= Description of the task =
Leaving out pictures, output exactly the lines below from the one that has "Brown smooth leather" through the one that has "Bajo el lema", and nothing else.

= Provided entries =
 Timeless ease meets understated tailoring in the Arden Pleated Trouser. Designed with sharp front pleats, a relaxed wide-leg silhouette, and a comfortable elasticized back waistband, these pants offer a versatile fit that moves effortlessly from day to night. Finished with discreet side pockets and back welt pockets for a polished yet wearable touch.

* * *

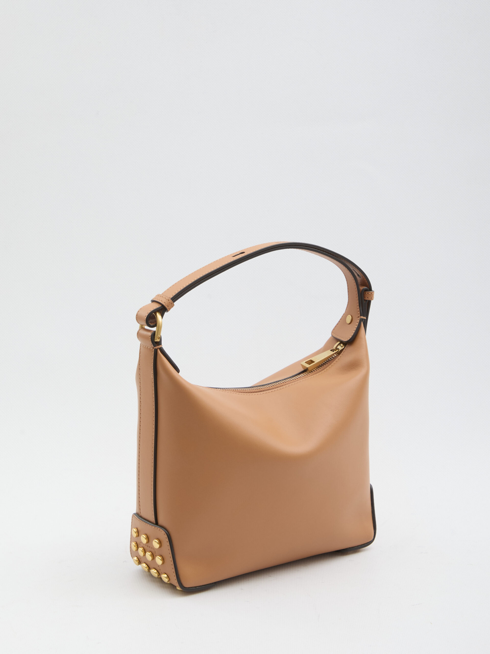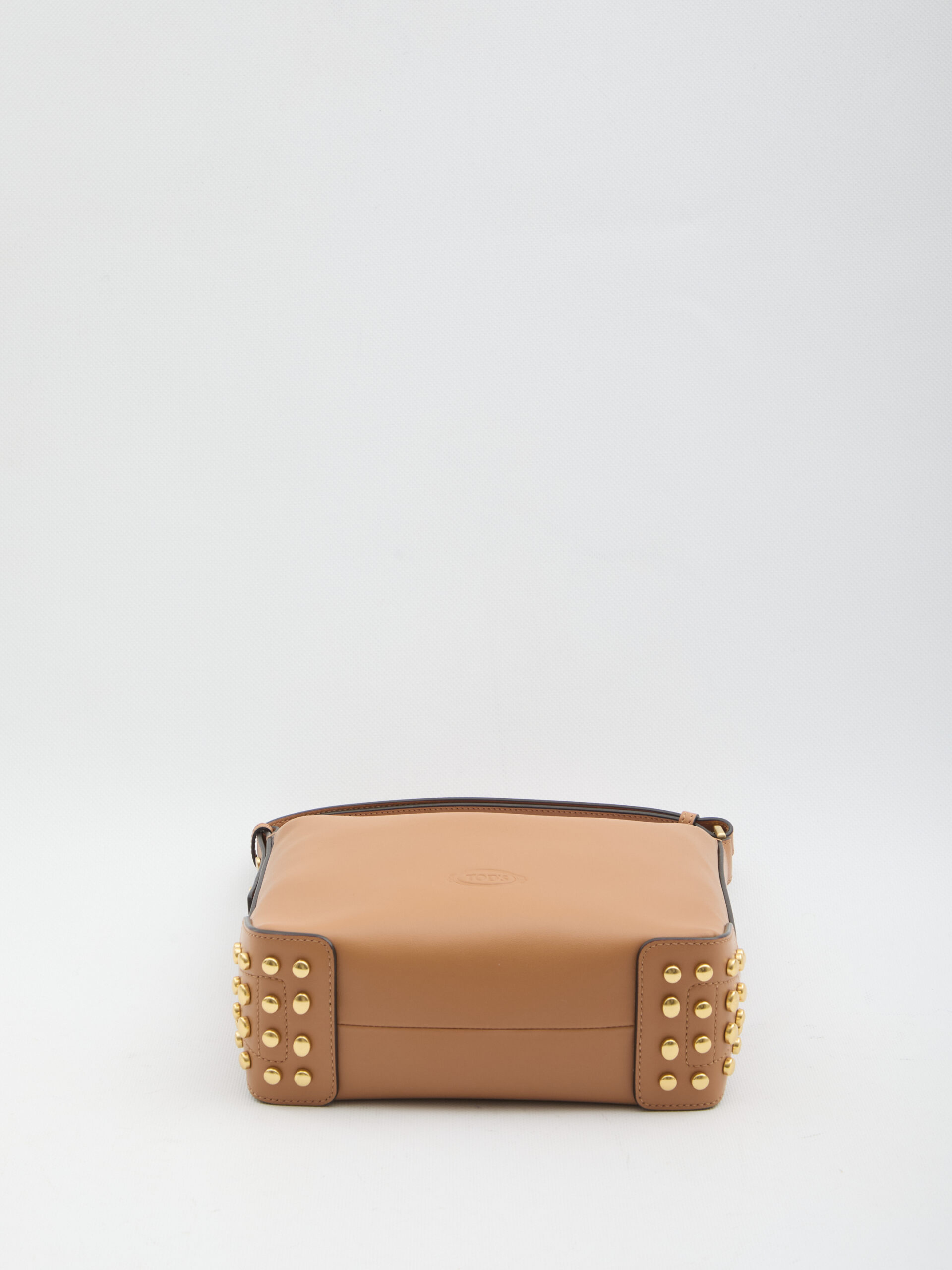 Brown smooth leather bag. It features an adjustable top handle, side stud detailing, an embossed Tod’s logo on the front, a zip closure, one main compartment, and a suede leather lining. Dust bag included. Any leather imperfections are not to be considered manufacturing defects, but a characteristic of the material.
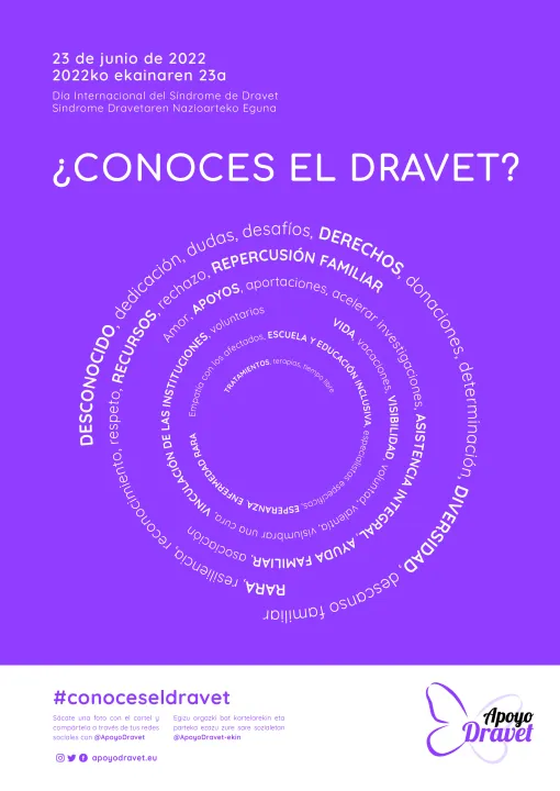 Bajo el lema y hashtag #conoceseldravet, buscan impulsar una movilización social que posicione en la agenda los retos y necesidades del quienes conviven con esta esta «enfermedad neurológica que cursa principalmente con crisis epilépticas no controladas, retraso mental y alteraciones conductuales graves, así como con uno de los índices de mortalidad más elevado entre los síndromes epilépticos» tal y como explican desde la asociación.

= Answer section =
 Brown smooth leather bag. It features an adjustable top handle, side stud detailing, an embossed Tod’s logo on the front, a zip closure, one main compartment, and a suede leather lining. Dust bag included. Any leather imperfections are not to be considered manufacturing defects, but a characteristic of the material.
 Bajo el lema y hashtag #conoceseldravet, buscan impulsar una movilización social que posicione en la agenda los retos y necesidades del quienes conviven con esta esta «enfermedad neurológica que cursa principalmente con crisis epilépticas no controladas, retraso mental y alteraciones conductuales graves, así como con uno de los índices de mortalidad más elevado entre los síndromes epilépticos» tal y como explican desde la asociación.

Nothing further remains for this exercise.